To Monna Giovanna and Her Other Daughters in Siena
"Teach us, O Lord, and enable us to live the life of saints and angels!" cried Cardinal Newman. There is a lovely parallel to Catherine's prayer in the Paternoster of Dante's blessed souls in Purgatory:

"Come del suo voler gli angeli tuoi
Fan sacrificio a te, cantando osanna,
Cosi facciano gli uomini de' suoi."

From the gentle thoughts on non-resistance with which this letter opens, Catherine turns with transition as fine as sudden to the splendid figure of the holy soul as a horse without bridle, running most swiftly "from grace to grace, from virtue to virtue." One is accustomed by Plato -- not to speak of Browning in "The Two Poets of Croisic" -- to the image of the soul as a charioteer. Catherine's metaphor is less familiar but not less forceful. The will, to her, is only free when pure: impure and sinful desires, far from being the sign of liberty, are the bit and bridle that hinder its fiery course toward God. The same thought, less vividly put, is found in a modern theologian -- Dr. Moberly. "The real consummation of either moral or immoral character," he writes, "would exclude the ambiguity which was offered as the criterion of free will.... Full power to sin is not the key to freedom. On the contrary, all inherent power to do wrong is a direct infringement of the reality of free-will.... Free- will is not the independence of the creature, but rather his self- realisation in perfect dependence. Freedom is self-identity with goodness."
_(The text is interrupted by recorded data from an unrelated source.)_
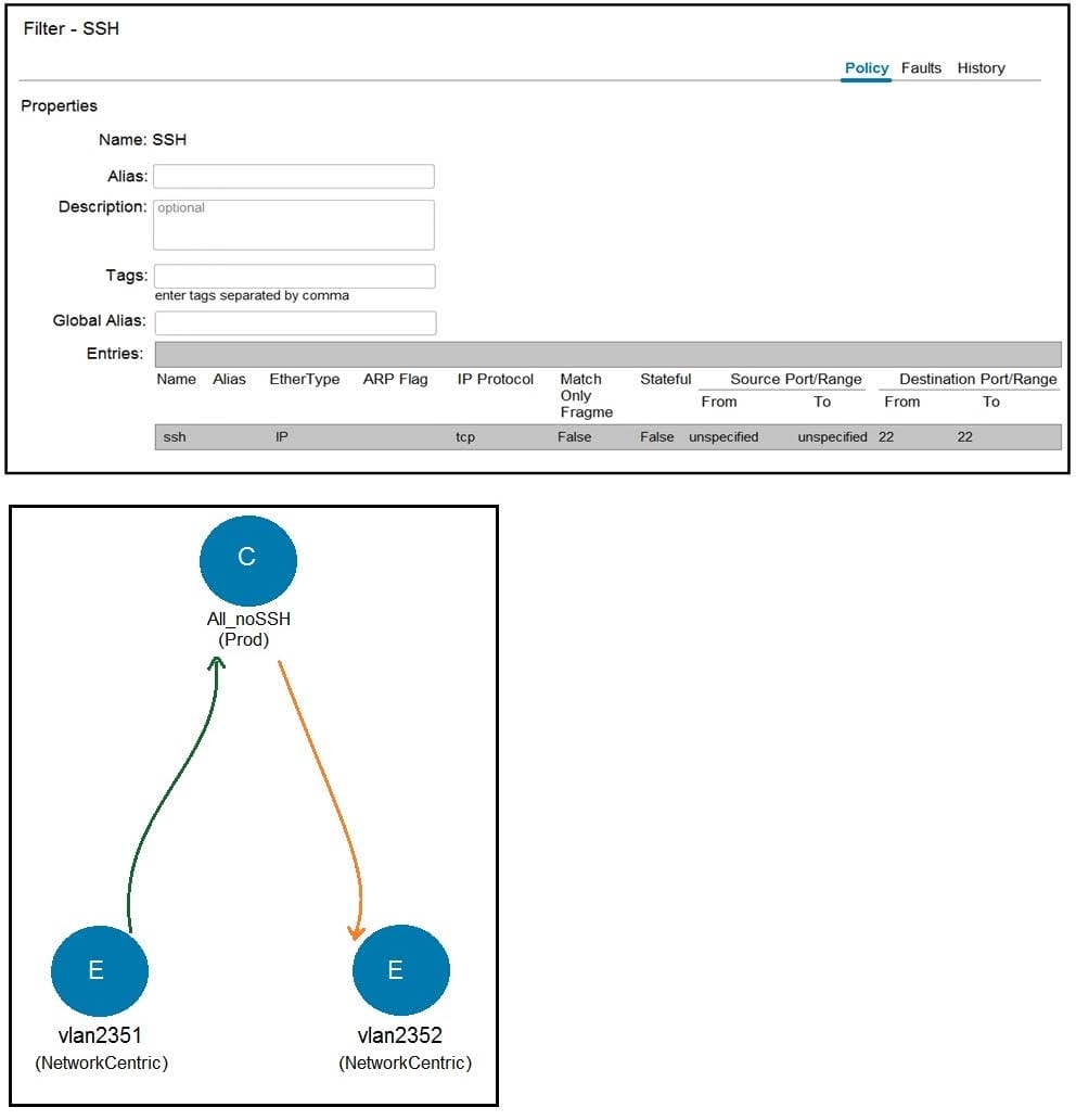 Refer to the exhibits. Which subject must be configured for the All_noSSH contract to allow all IP traffic except SSH between the two EPGs?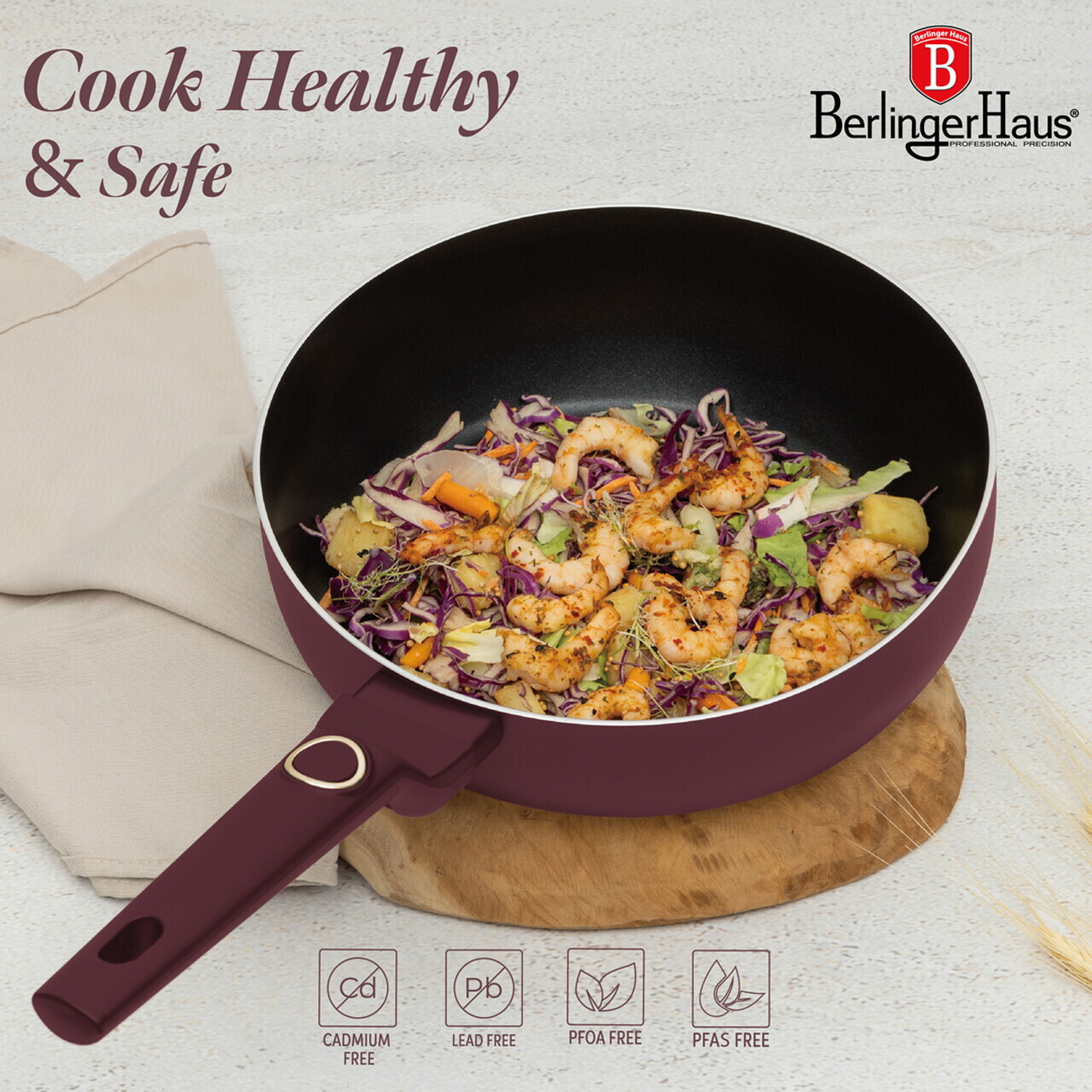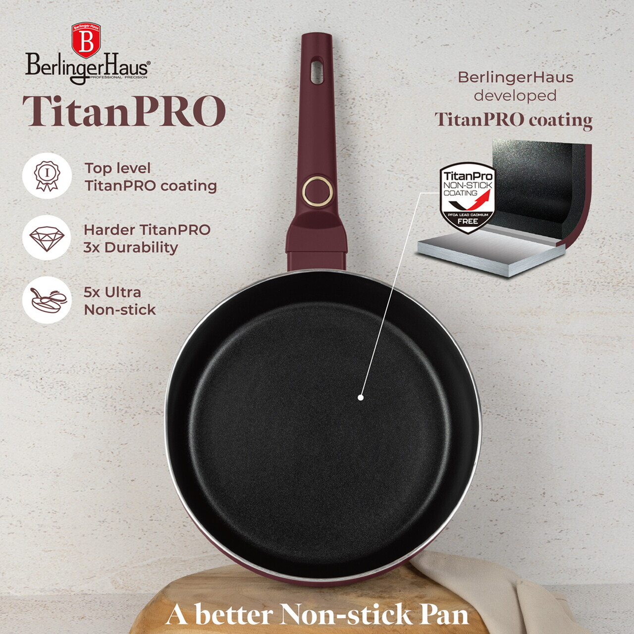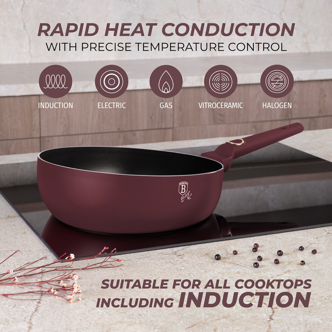 Tigaie flip Berlinger Haus, Leonardo, 26 cm, aluminiu, visiniu mat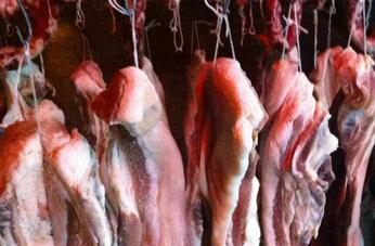 4、腌制五天以后,把肉翻动一下,再用重物压好,接着腌制五天,腌好以后取出,把肉悬挂在阴凉通风的地方晾干。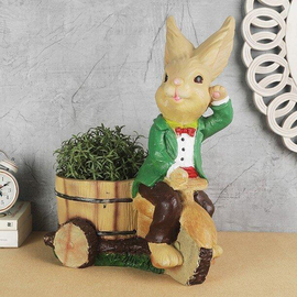 Handcrafted Rabbit on Cycle Planter Medium Bunny Planter, handmade flowerpot, handmade rabbit planter, rabbit gift, cacti planter, succulent planter, sweet d...

In the Name of Jesus Christ crucified and of sweet Mary:

Dearest and most beloved daughters in Christ sweet Jesus: I Catherine, servant and slave of the servants of Jesus Christ, and your mother in Christ, write to you and comfort you in the Precious Blood of the Son of God, who was a gentle Lamb, spotless and slain not by power of nails or lance, but by power of love and measureless charity which He felt and still feels to His creatures. Oh, charity unspeakable of our God! Thou hast taught me, Love most sweet, and hast shown me, not by words alone -- for Thou sayest that Thou dost not delight in many words -- but by deeds, in which Thou sayest that Thou dost delight, and which Thou dost demand from Thy servants. And what hast Thou taught me, O Love Uncreate? Thou hast taught me that I should bear, patiently like a lamb, not only harsh words, but even blows harsh and hard and injury and loss. And with this Thou dost will that I be innocent and spotless, harmful to no one of my neighbours and brethren; not only in case of those who do not persecute us, but in that of those who injure us; Thou dost will that we pray for them as for special friends who give us a good and great gain. And Thou dost will that we be patient and meek not only in injuries and temporal losses, but universally, in everything that may be contrary to my will: as Thou didst not will Thine own will to be done in anything, but the will of Thy Father. How then shall we lift up our head against the goodness of God, wishing that our perverted wills should be fulfilled? How shall we not will that the will of God be fulfilled?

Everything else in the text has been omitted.